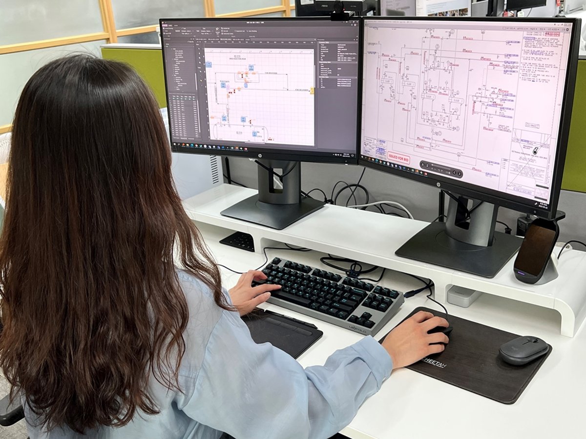 현대엔지니어링 직원이 ‘공정 배관 계장도(P&ID) 자동 인식 시스템’을 이용한 설계도면 인식 테스트를 진행하고 있다. 사진제공|현대엔지니어링
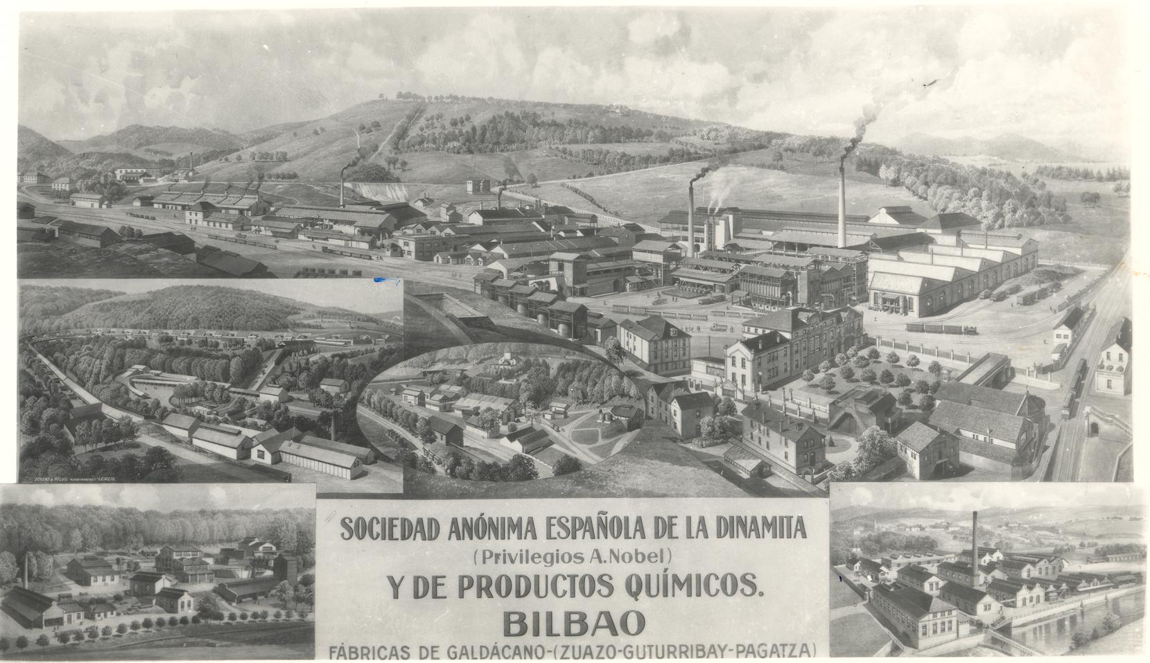 Sociedad Anónima Española de La Dinamita-ren hiru instalazioen fotomuntaketa 1930. urtean egindako: Zuazo, Pagatza eta Guturribai.
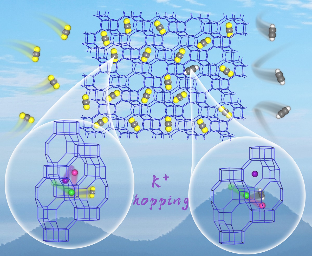 近日(ri),我(wo)所低碳催化與工(gong)程(cheng)研究部(bu)(DNL12)郭鵬研究員(yuan)、劉中(zhong)民(mín)院士團(tuán)隊(duì)與遼寧(ning)師範大(da)學(xué)李國(guo)輝教授(shou)團(tuán)隊(duì)郃(he)作(zuò),設(shè)計(ji)構築了(le)一(yi)種高(gao)效選擇性吸(xi)附分(fēn)離二氧化碳/乙炔(CO2/C2H2)的(de)分(fēn)子(zi)篩材(cai)料,并結郃(he)結構解析及(ji)理(li)論計(ji)算揭示了(le)吸(xi)附分(fēn)離過(guo)程(cheng)中(zhong)“離子(zi)們(men)”效應的(de)新(xin)機(jī)製(zhi)。
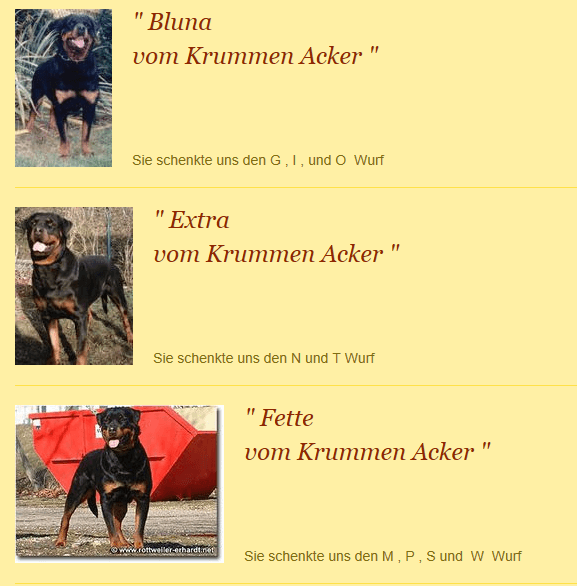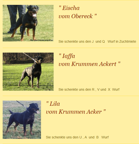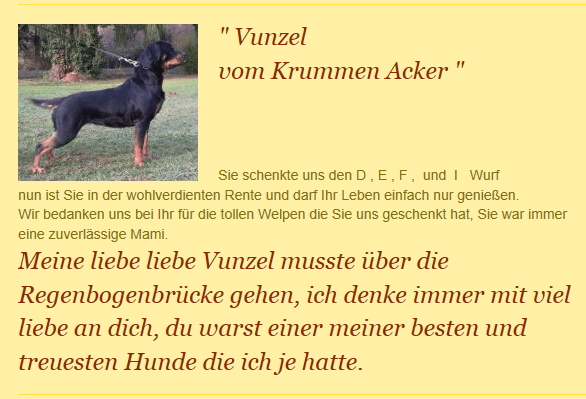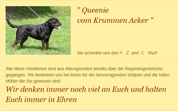 Elza von der Bleichstraße ist nun in Rente gegangen ,wir bedanken uns bei Ihr für die Welpen die Sie uns
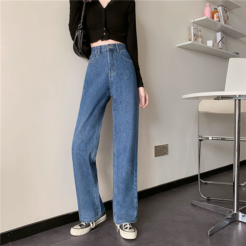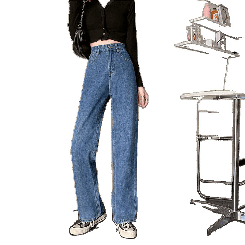 Главная страница > Широкие женские джинсы с высокой талией, универсальные свободные прямые брюки для похудения, новые драпированные брюки в корейском стиле для миниатюрных студентов.
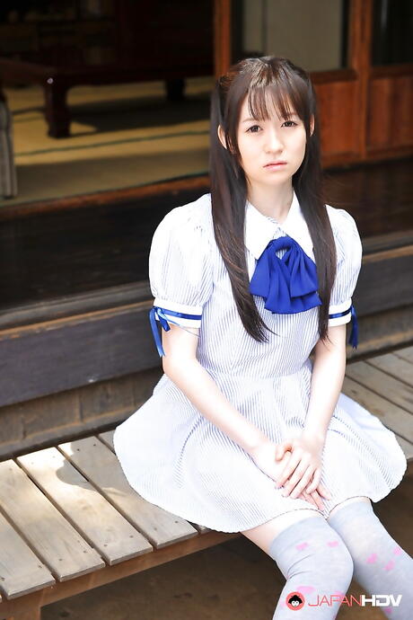 Stunning japanese dark-haired cutie Ai Uehara in skirt showing her beauty
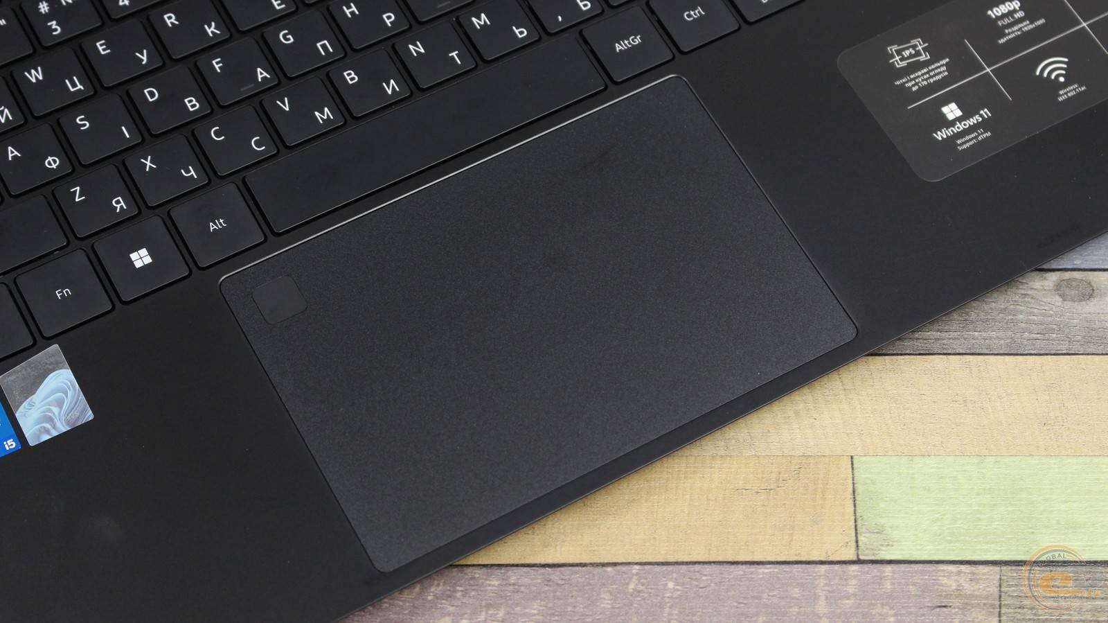 Тачпад має великі габарити — 133 × 87 мм, а дещо шершава поверхня забезпечує плавне ковзання. Є тут і сканер відбитків пальців із високою швидкістю спрацьовування.
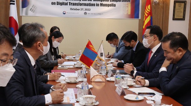 Улсын Их Хурлын дарга Г.Занданшатарын Бүгд Найрамдах Солонгос Улсад хийж буй ажлын айлчлалын хүрээнд өнөөдөр /2022.10.27/ Улсын Их Хурлын гишүүн, Улсын Их Хурлын Инновац, цахим бодлогын байнгын хорооны дарга Э.Батшугар Улсын Их Хурлын гишүүн Б.Пүрэвдорж нар тус улсын Шинжлэх ухаан, мэдээллийн технологийн яамны дэд сайд Жүн Ен Чантай уулзлаа.
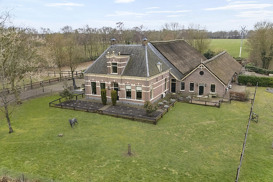 Vrijstaande herenboerderij (gemeentelijk monument) met 1,1 hectare grond – landelijk wonen op korte afstand van Meppel in het buurtschap Broekhuizen.
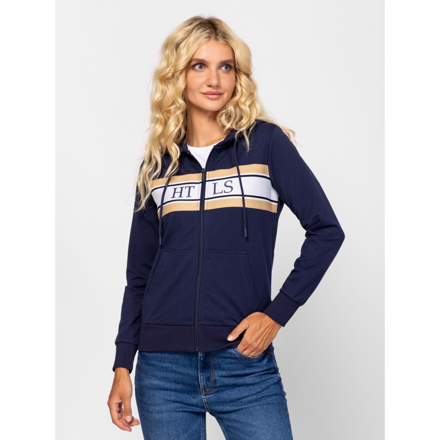 Női kapucnis pulóver, testhez álló fazonnal, cipzáros záródással, bordás passzés aljjal és kézelővel, egyenes zsebekkel, magas pamut tartalmú anyagból, nagy márkajelzéssel az elején. Válaszd hozzá ZARIVAW25 nadrágunkat! Anyaga: 58% pamut, 38% poliészter, 4% elasztán, belül enyhén bolyhozott fleece. A modell 175 cm magas és S-es méretet visel.
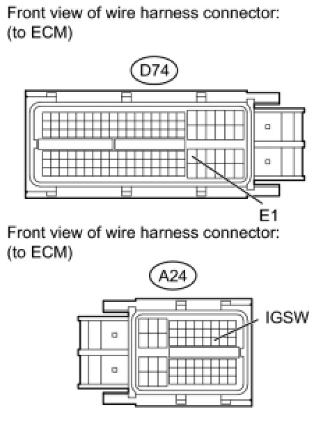 (a) Disconnect the D74 and A24 ECM connectors.
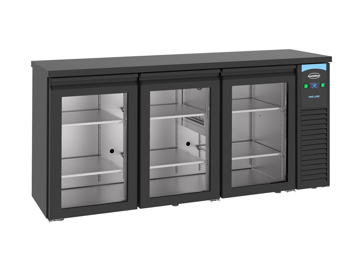 Combisteel Barkühltisch – 500 Liter Fassungsvermögen, Schwarz mit 3 Glastüren
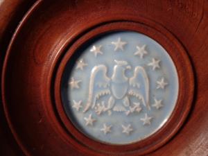 ANTIQUE **AMERICAN EAGLE & STARS** ART POTTERY PLATE BLUE & WHITE
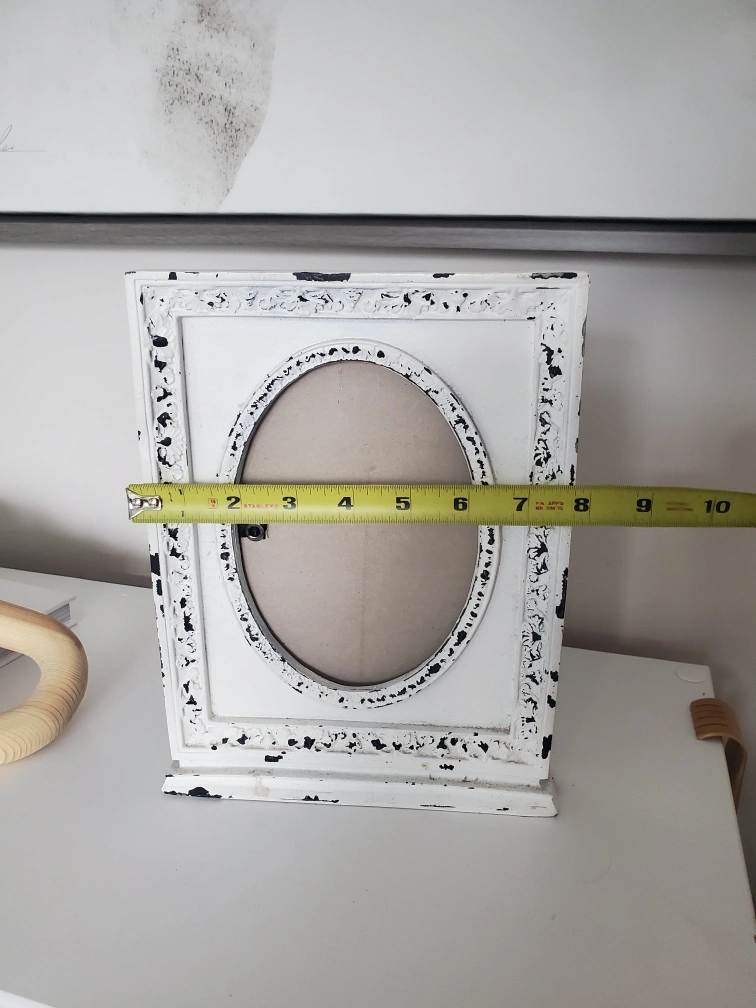 This is a white picture frame with a distressed look. It is approximately 9" tall and 6.5" wide. The opening for a photo is an oval and measures approximately 5" tall and 4" wide. The back comes off to allow for easy insertion of your photos.

▸ What to work on
Your copy should hold exactly the lines from the one with "Vrijstaande herenboerderij (gemeentelijk" through the end of the records, both included, and no pictures.

▸ Result of the exercise
 Vrijstaande herenboerderij (gemeentelijk monument) met 1,1 hectare grond – landelijk wonen op korte afstand van Meppel in het buurtschap Broekhuizen.
 Női kapucnis pulóver, testhez álló fazonnal, cipzáros záródással, bordás passzés aljjal és kézelővel, egyenes zsebekkel, magas pamut tartalmú anyagból, nagy márkajelzéssel az elején. Válaszd hozzá ZARIVAW25 nadrágunkat! Anyaga: 58% pamut, 38% poliészter, 4% elasztán, belül enyhén bolyhozott fleece. A modell 175 cm magas és S-es méretet visel.
 (a) Disconnect the D74 and A24 ECM connectors.
 Combisteel Barkühltisch – 500 Liter Fassungsvermögen, Schwarz mit 3 Glastüren
 ANTIQUE **AMERICAN EAGLE & STARS** ART POTTERY PLATE BLUE & WHITE
 This is a white picture frame with a distressed look. It is approximately 9" tall and 6.5" wide. The opening for a photo is an oval and measures approximately 5" tall and 4" wide. The back comes off to allow for easy insertion of your photos.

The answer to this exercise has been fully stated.